A viral disease that causes inflammation of the brain, JE kills about one-third of its patients and half the remaining end up with serious disabilities including cognitive and behavioural impairment. The infection is endemic in India, where 135 districts in 15 states routinely report cases, according to the Union ministry of health and family welfare.

“No effective treatment exists today, what we have is only supportive,” says Anirban Basu, the lead researcher from NBRC, who thinks clinical success could lead to immediate therapy, as minocycline is an inexpensive and freely available drug currently used for treating bacterial infections of the skin, teeth and urinary tract.

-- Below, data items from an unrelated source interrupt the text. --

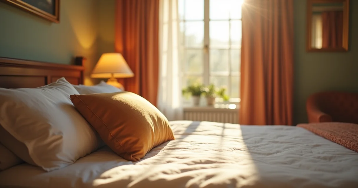 Quarto de pousada com cama queen-size, roupa de cama branca em algodão egípcio, duas mesas de cabeceira de madeira clara com luminárias de abajur em tom bege e parede principal em tom pastel suave.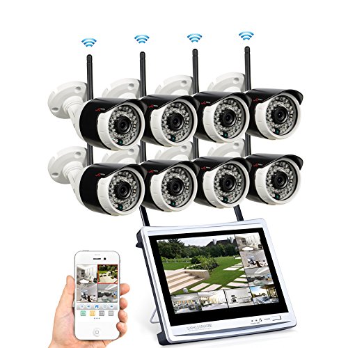 Security Camera Wireless Home Video Surveillance System with 8 Units 720p HD Wireless Smart Home Day Night Cam 12 Inch LCD Monitor NVR NO HDD ARCECUT Wifi NVR Kits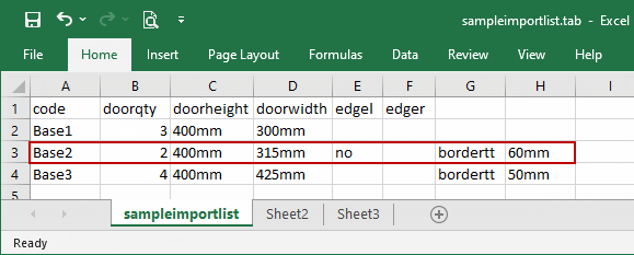 In this screen grab, we have selected the Base 2 door which came from row 3 of the sample file.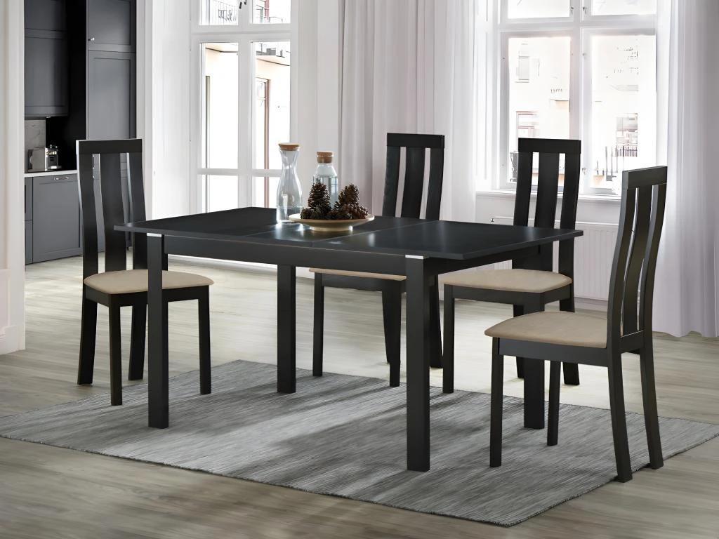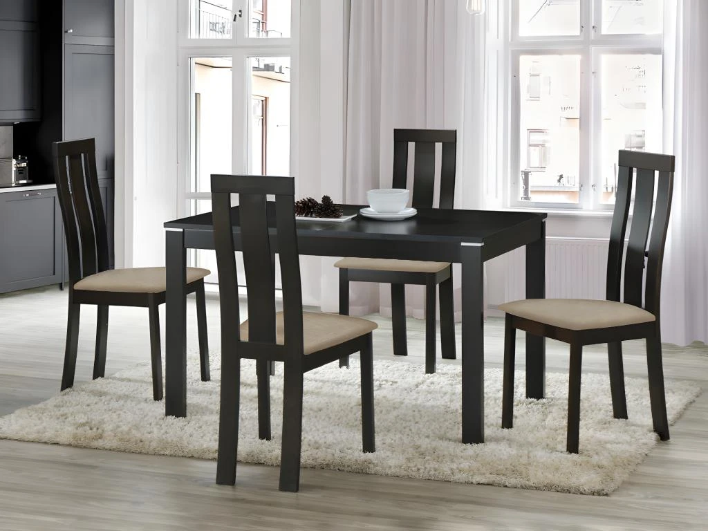 Cet ensemble contient 1 table à manger DOMINGO II et 4 chaises DOMINGO – Coloris Wengé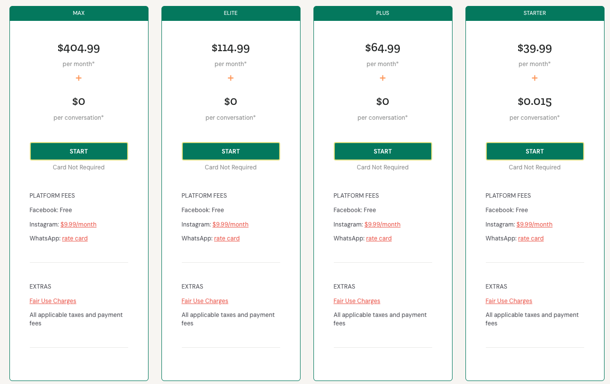 Max | $404.99 | 5m conversations per month | *$0.00049 per conversation |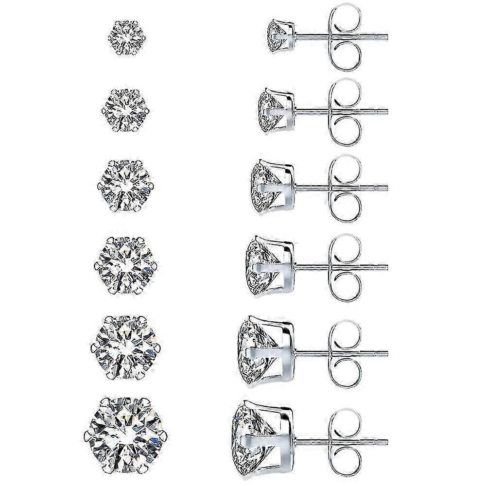 6 Pairs Stainless Steel Stud Earrings Set Hypoallergenic Cubic Zirconia 14k White Gold 316l Cz Earrings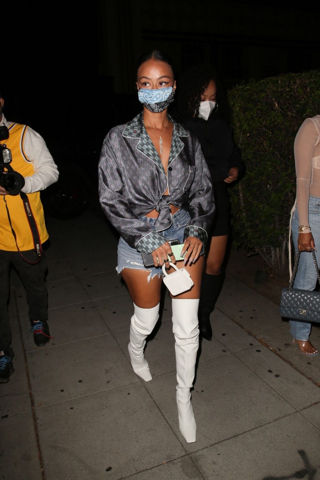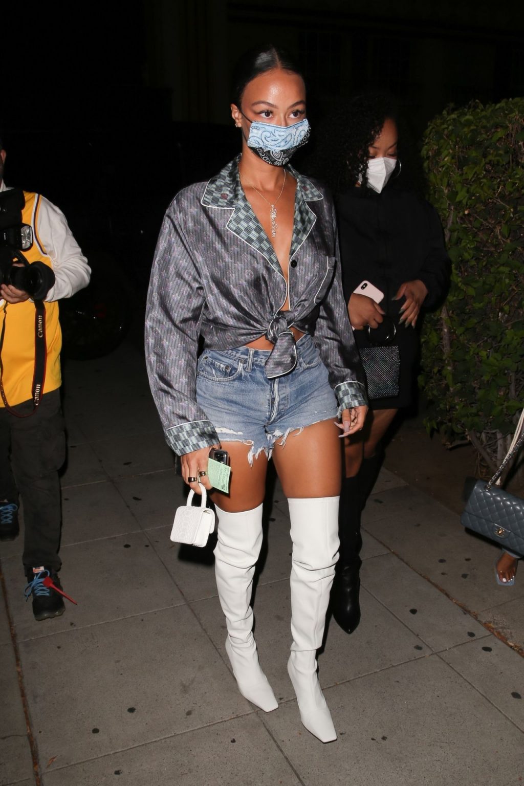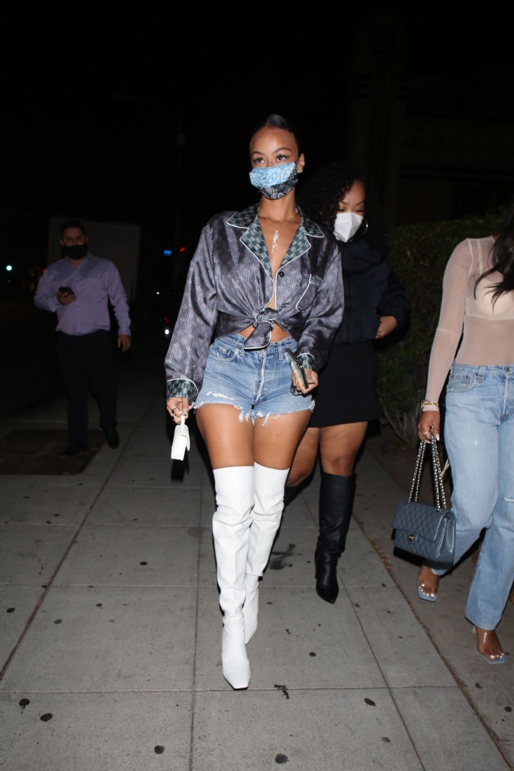 Draya Michele muestra sus piernas tonificadas mientras es vista llegando a la fiesta del campeonato de los LA Lakers en West Hollywood, 20/10/2020.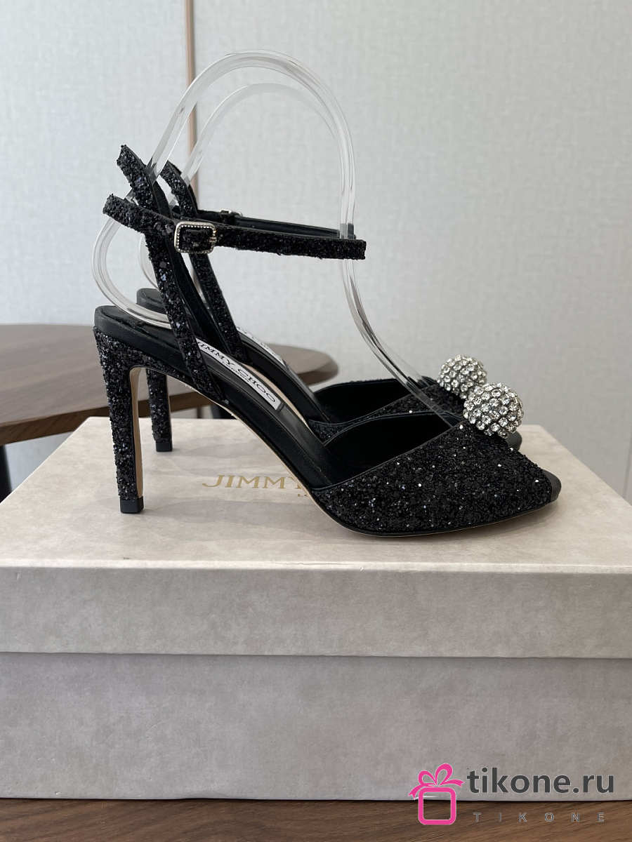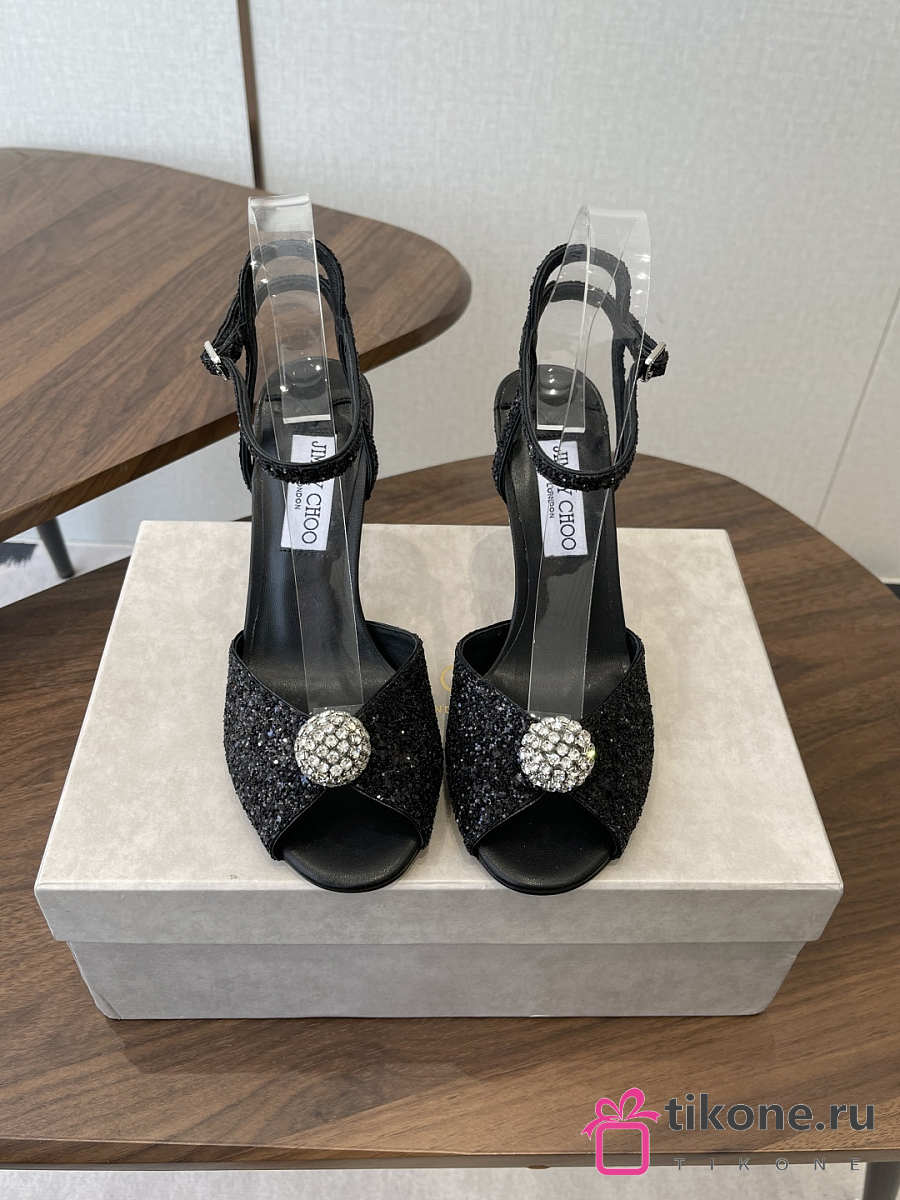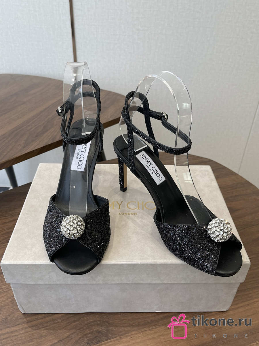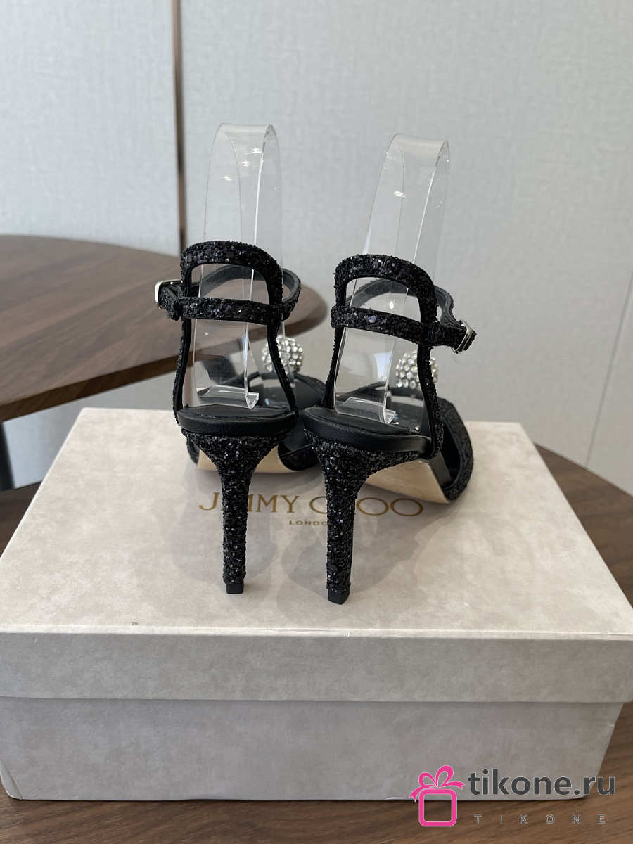 Jimmy Choo Sacora 85 Black Glitter Fabric Sandals with Crystal Sphere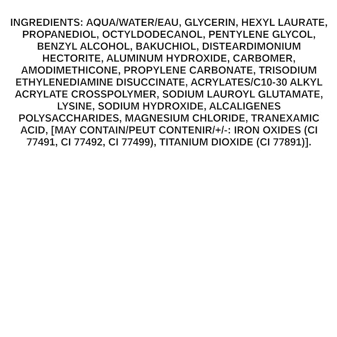 - Microdroplet technology pigmented capsules blend easily to distribute a sheer, even tint for a radiant bare-skin filter effect with a refreshed and youthful appearance with a natural skin-like finish, improving complexion’s radiance, skin’s texture, suppleness and firmness after 2 weeks of use* (*Clinical study on 30 females; clinical grading evaluation after daily application for 2 weeks)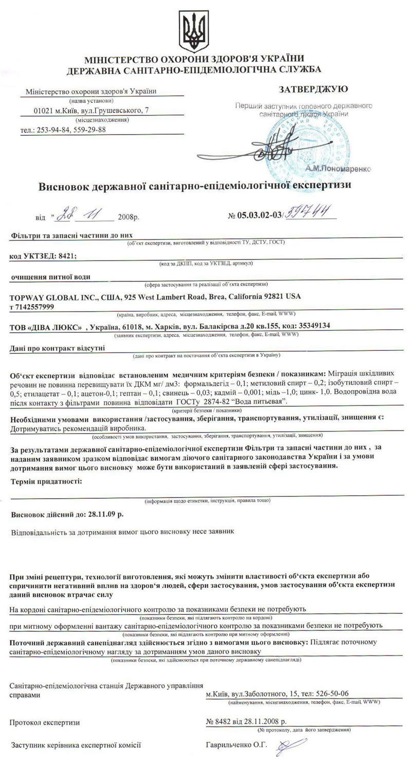 Эффективность очистки по некоторым показателям: Тип загрязнения | Степень очистки | Тип загрязнения | Степень очистки | Жесткость | 98% | Дихлорэтан | 99% | Асбест | 99,99% | Тетрахлорэтилен | 99% | Цисты | 99,99% | Стерин | 99% | Бактерии | 99,99% | Пестициды | 98% | Медь | 99% | Гербициды | 98% | Хром | 97% | Тяжелые металлы | 99% | Свинец | 99% | Железо | 99% | Свинец | 99% | Цианиды | 98% | Барий | 96% | Мышьяк | 98% | Селениты | 92% | Сульфаты | 99% | Радий | 80% | Органические соединения | 99,99% | Бензин | 99% | Хлорбензол | 99% | Требования к качеству входящей воды: Параметр | Величина | Параметр | Величина | Жесткость (мг-экв/л) | <7 | Магний (мг/л) | <50 | рН | 3-10 | Железо (мг/л) | <0,3 | Минерализация (мг/л) | <1500 | Марганец (мг/л) | <0,1 | Хлориды, сульфаты (мг/л) | <900 | Перманганатная окисляемость (мг О2/л) | <5 | Хлор свободный (мг/л) | <0,5 | Общее микробное число (ед./мл) | <1 | Мутность (мг/л) | <1 | Coli-индекс | <3 | Кальций (мг/л) | <50 |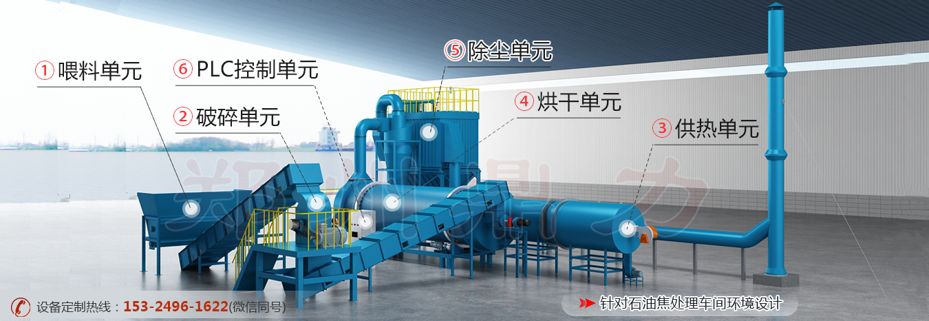 鄭州鼎力工業(yè)滾筒烘干機廠家定制各種規(guī)格型號和熱源形式的石油焦烘干設備,配套對應的除塵器系統(tǒng),運行成本低,性能穩(wěn)定,技術成熟。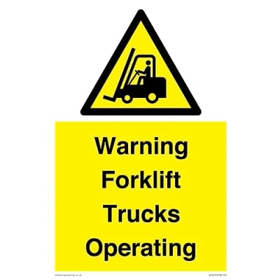 W014 : Forklift trucks and other industrial vehicles This sign is made from vinyl / sticker Air Release vinyl makes it easy to stick to flat, clean surfaces without bubbles. Not for rough, plastic or dusty surfaces. A4 portrait Sign Text: Warning Forklift Trucks Operating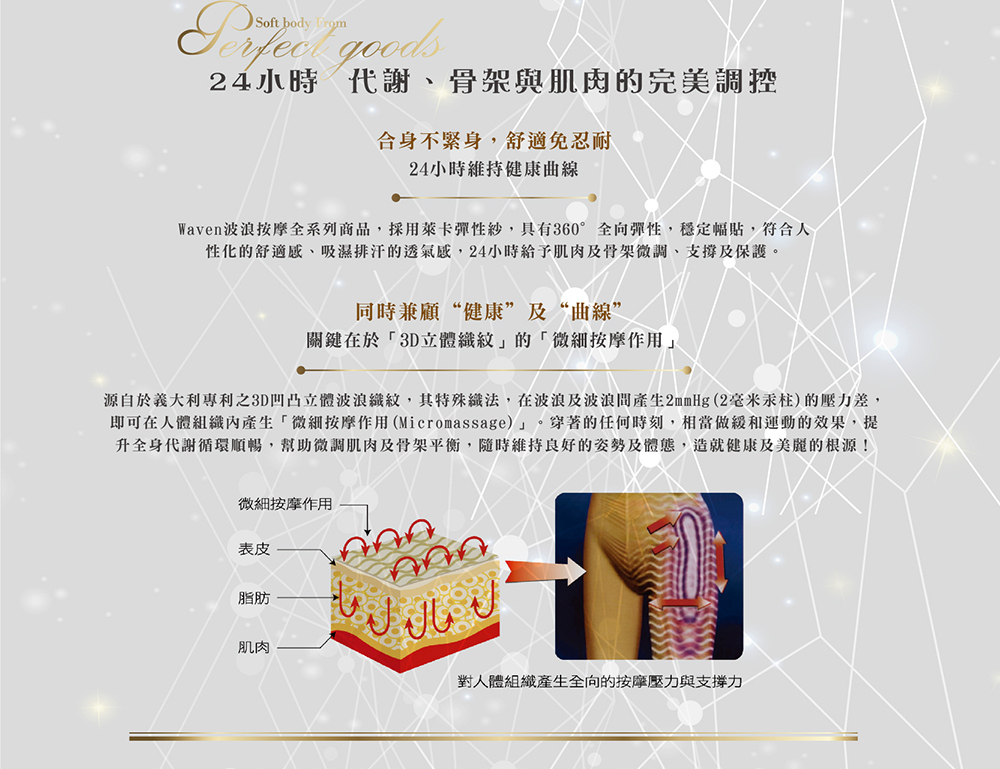 -獨特的波浪紋織法,按摩修飾腰腹曲線。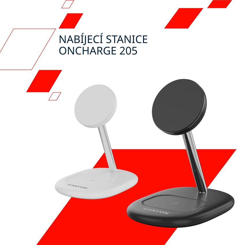 CANYON Bezdrátová nabíječka WCS-205 15W Qi2 2in1 Black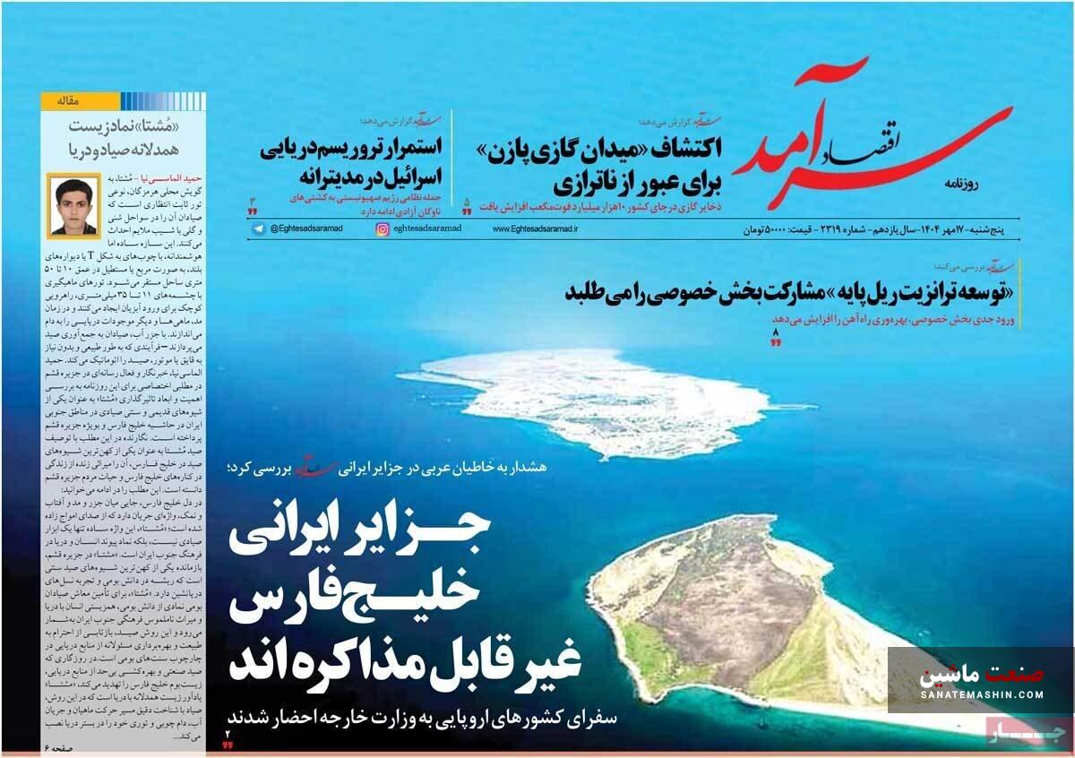 صفحه نخست روزنامه های اقتصادی 15 مهر 1404

Basu’s early work showed that minocycline not only reduced the inflammation in the brain, but also stemmed loss of healthy neuronal cells and decreased the viral load (a measure of the severity of a viral infection). However, questions like how effective the drug will be, if there’s a time lag between the infection and the treatment, or whether it will reduce the disabilities in survivors can be answered only after the human trials, says Basu.

Scientists believe it’s a fairly safe bet, as it’s the efficacy rather than the safety that needs to be ascertained, because the drug is already in use. “It’s a straightforward case, but we are hitting a stone wall,” says NBRC director Vijayalakshmi Ravindranath, since there’s no government agency to do translational research or even coordinate it. Translational research helps convert laboratory findings into therapeutics—or from bench to bedside. “In the absence of intellectual property, there’s no money to be made here or else we could have gone to a commercial agency for trials.”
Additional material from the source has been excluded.